Quelles compétences ou qualités techniques as-tu le plus développé grâce à ton passage en Angleterre ?
Je n’ai pas forcément développé plus que ça. Je pense juste que ça a été une prise de conscience sur mes points forts et mes faiblesses. Le staff a vu mes qualités et les choses sur lesquelles je dois bosser. Ils m’ont encouragé et montré qu’il fallait que je base mon jeu sur certains aspects de mes qualités. Et ensuite continuer à bosser sur ce que je dois bosser car rien n’est parfait.
Qu’est-ce que cette expérience à l’étranger t’a appris sur toi-même, en termes de mentalité et de résilience ?

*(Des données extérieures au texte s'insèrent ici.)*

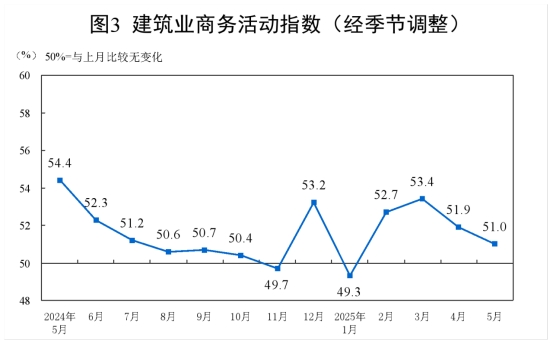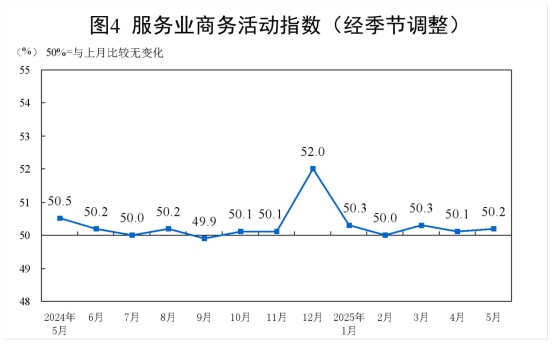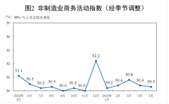 5月份,非制造業(yè)商務(wù)活動(dòng)指數(shù)為50.3%,比上月下降0.1個(gè)百分點(diǎn),仍高于臨界點(diǎn),非制造業(yè)總體延續(xù)擴(kuò)張。
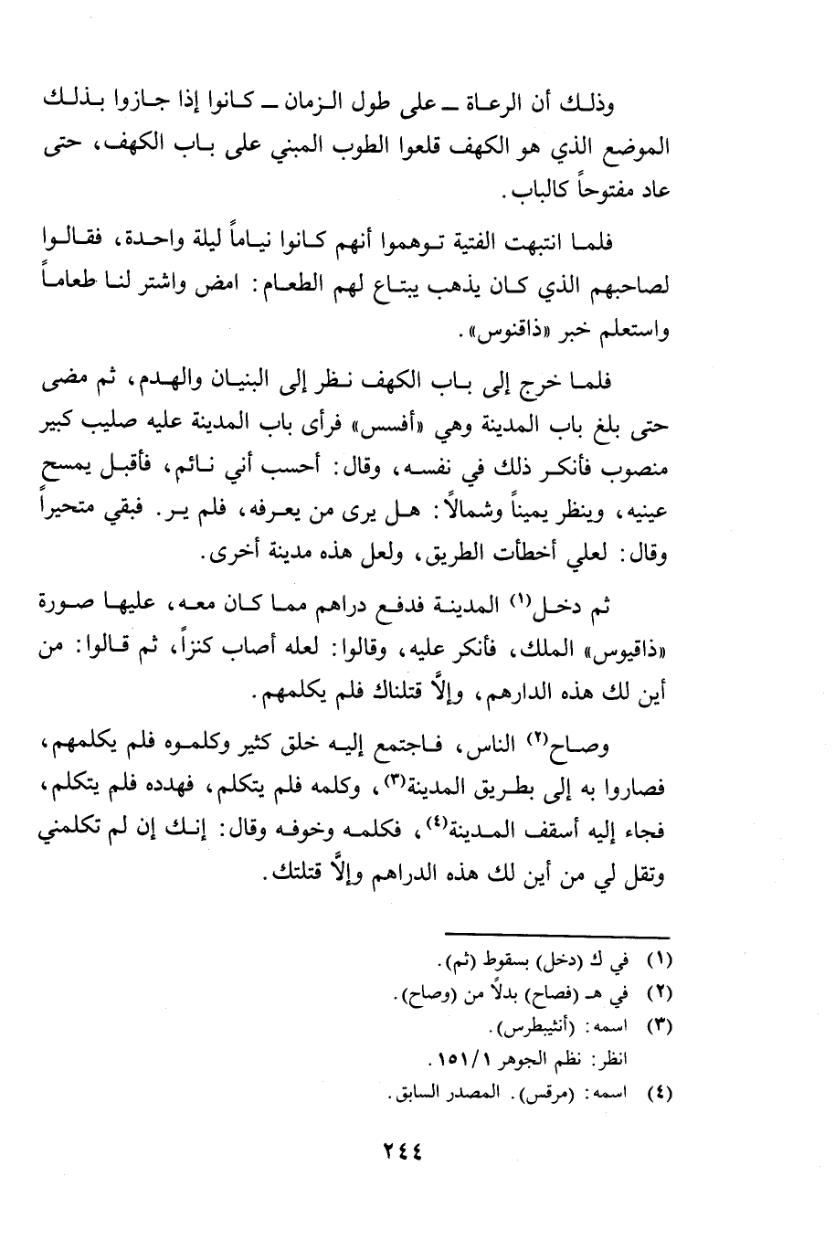 ثُمَّ دَخَلَ الْمَدِينَةَ فَدَفَعَ دَرَاهِمَ مِمَّا كَانَ مَعَهُ عَلَيْهَا صُورَةُ " ذَاقْيُوسَ " الْمَلِكِ فَأُنْكِرَ عَلَيْهِ، وَقَالُوا: لَعَلَّهُ أَصَابَ كَنْزًا، ثُمَّ قَالُوا: مِنْ أَيْنَ لَكَ هَذِهِ الدَّرَاهِمُ وَإِلَّا قَتَلْنَاكَ، فَلَمْ يُكَلِّمْهُمْ.
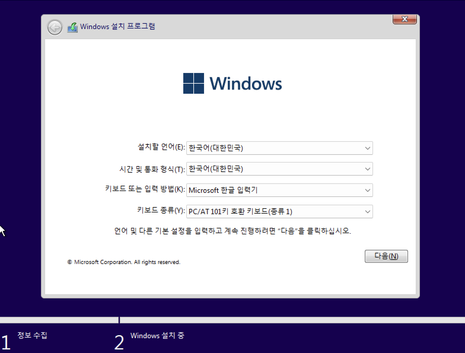 여기서 부터는 다들 아시는 윈도우 설치 설정입니다. 다음 다음 하시면 됩니다.
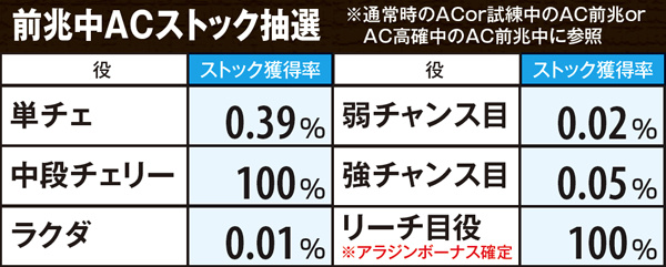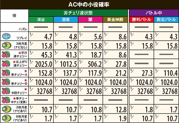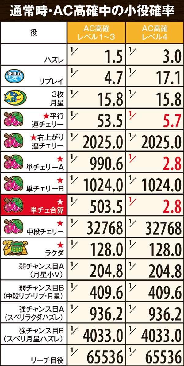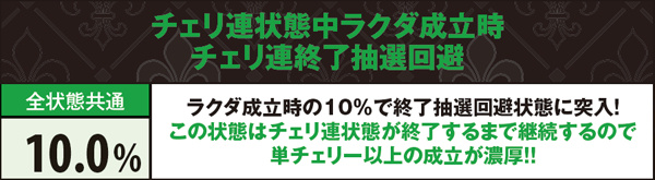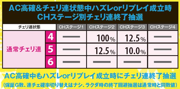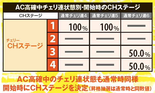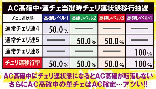 AC高確中にチェリ連状態に突入した場合も、終了までAC高確の転落抽選ナシ。
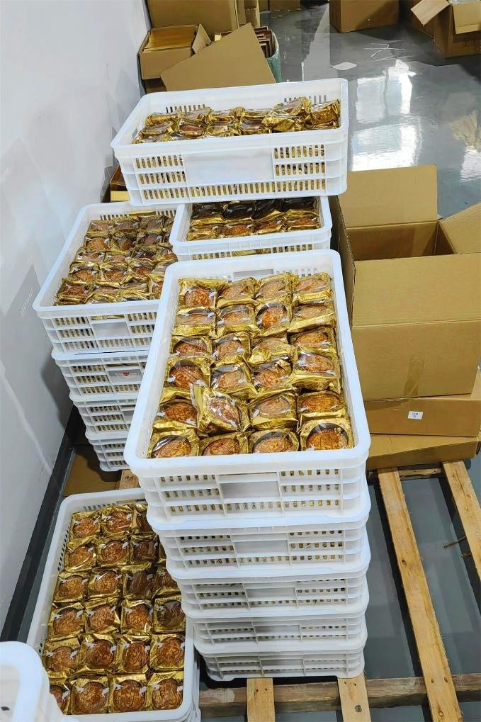 為掩人耳目,王某等人將制作好的散裝月餅運往一外地窩點進行入盒包裝,然后再將包裝好的月餅送往另一外地窩點,由專人負責在盒子外包裝貼假冒的防偽標簽,以假亂真,最后在網(wǎng)絡平臺上以正品2折的低價進行售賣。截至被抓獲當日,該團伙已在網(wǎng)上售賣了1萬余盒假冒品牌月餅,但大部分貨品還未來得及發(fā)貨。
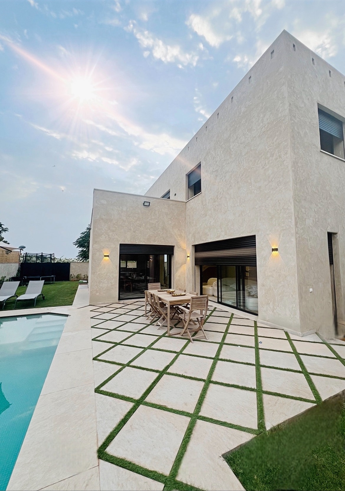 Venez découvrir le Lodge Dar Ikhwa dans le quartier des Golfs. Cette magnifique villa contemporaine est une véritable oasis de style et de confort pouvant accueillir jusqu’à 10 personnes. Chaque détail a été soigneusement pensé pour offrir une atmosphère élégante où le design moderne rencontre l’authenticité marocaine. La villa se compose de 5 suites dont 4 magnifiques suites de 17m², chacune équipées de leur propre salle de bains et terrasse privée. A l'étage se trouve la 5ème suite de 55m².

Honnêtement, je sens la différence depuis trois ans. Quand tu pars tout seul, tu te challenges car tu es loin de tes amis, de ta famille. Il est donc nécessaire de trouver des sources de motivation. Après, j’y suis allé déterminé pour une raison qui m’est propre et qui était un rêve : jouer au rugby et je peux vous dire que je ne le regrette pas. Automatiquement, ça devient donc plus facile.
C’est vrai que c’est un challenge, mais je le recommande à tout le monde parce que tu gagnes en maturité, et ce, sur et en dehors du terrain. J’espère vraiment que ça va continuer d’aller dans ce sens. L’avenir nous le dira.
Avec le recul, que dirais-tu au jeune Mathieu qui s’apprêtait à quitter la France pour jouer en Angleterre ?
Je pense que je lui parlerai de mon expérience en lui disant que ça ne va pas être facile tous les jours car tu ne vas pas être à 100 % de ta forme mentale et physique. Mais ça va bien se passer. Il faut vivre ses rêves pour ne rien regretter. Ça va être une bonne expérience, une bonne opportunité. Mais surtout donnes tous les jours ton maximum quelque soit ce que tu peux donner.
Tu viens de rejoindre Huddersfield. Qu’est-ce qui t’a convaincu de signer ici ?
J’avais besoin d’un nouveau départ, d’un projet où je pourrais vraiment m’affirmer. À Huddersfield, j’ai tout de suite senti une envie de rebond, une énergie particulière après une saison compliquée. Même si le club sort d’une période difficile, je pense justement que c’est un moment intéressant pour s’impliquer, aider à reconstruire, et retrouver une dynamique positive.
Tu n’étais pas toujours titulaire dans ton ancien club. Ce nouveau défi, c’est aussi une manière de relancer ta carrière ?
Oui, clairement. J’avais un rôle un peu de doublure. Je jouais, mais sans forcément enchaîner. Ici, j’ai la possibilité de devenir un élément important du groupe, de prouver que je peux apporter sur la durée. C’est motivant, et c’est aussi pour ça que j’ai choisi ce projet.